- **Supplied data**
┌────────

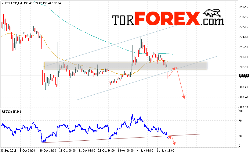 Таким образом, ETH/USD прогноз курса Ethereum на 15 ноября 2018 предполагает попытку теста области сопротивления вблизи уровня 200. Откуда стоит ожидать отскок и продолжения падения криптовалюты ETH/USD в область ниже уровня 180. Дополнительным сигналом в пользу снижения Ethereum выступит тест линии тренда на индикаторе относительной силы. Отменой варианта падения цифровой валюты выступит пробой области 210. Такой вариант укажет на продолжение роста с потенциальной целью выше уровня 230.
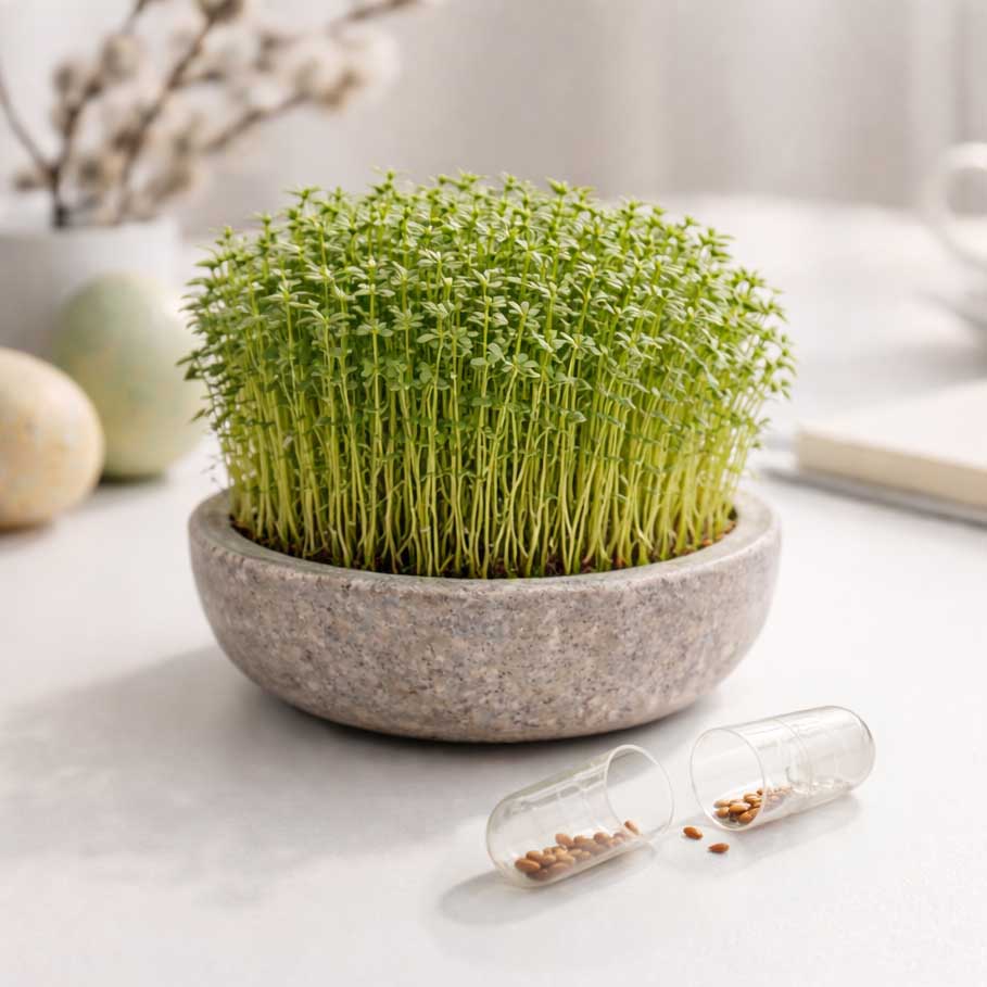 Element interaktywny: kapsułka z naturalnymi nasionami rzeżuchy do samodzielnego wysiewu
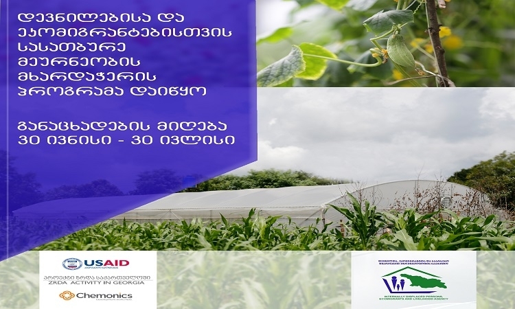 დევნილთა, ეკომიგრანტთა და საარსებო წყაროებით უზრუნველყოფის სააგენტომ „სასათბურე მეურნეობის მხარდაჭერის საგრანტო პროგრამის“ ფარგლებში, იძულებით გადაადგილებული პირების განაცხადების მიღება დაიწყო.

└────────

- **Work instructions**
The lines to repeat run from the line containing "Element interaktywny: kapsułka" through the end of the listing above, both included; give them exactly and without pictures.

- **Response box**
 Element interaktywny: kapsułka z naturalnymi nasionami rzeżuchy do samodzielnego wysiewu
 დევნილთა, ეკომიგრანტთა და საარსებო წყაროებით უზრუნველყოფის სააგენტომ „სასათბურე მეურნეობის მხარდაჭერის საგრანტო პროგრამის“ ფარგლებში, იძულებით გადაადგილებული პირების განაცხადების მიღება დაიწყო.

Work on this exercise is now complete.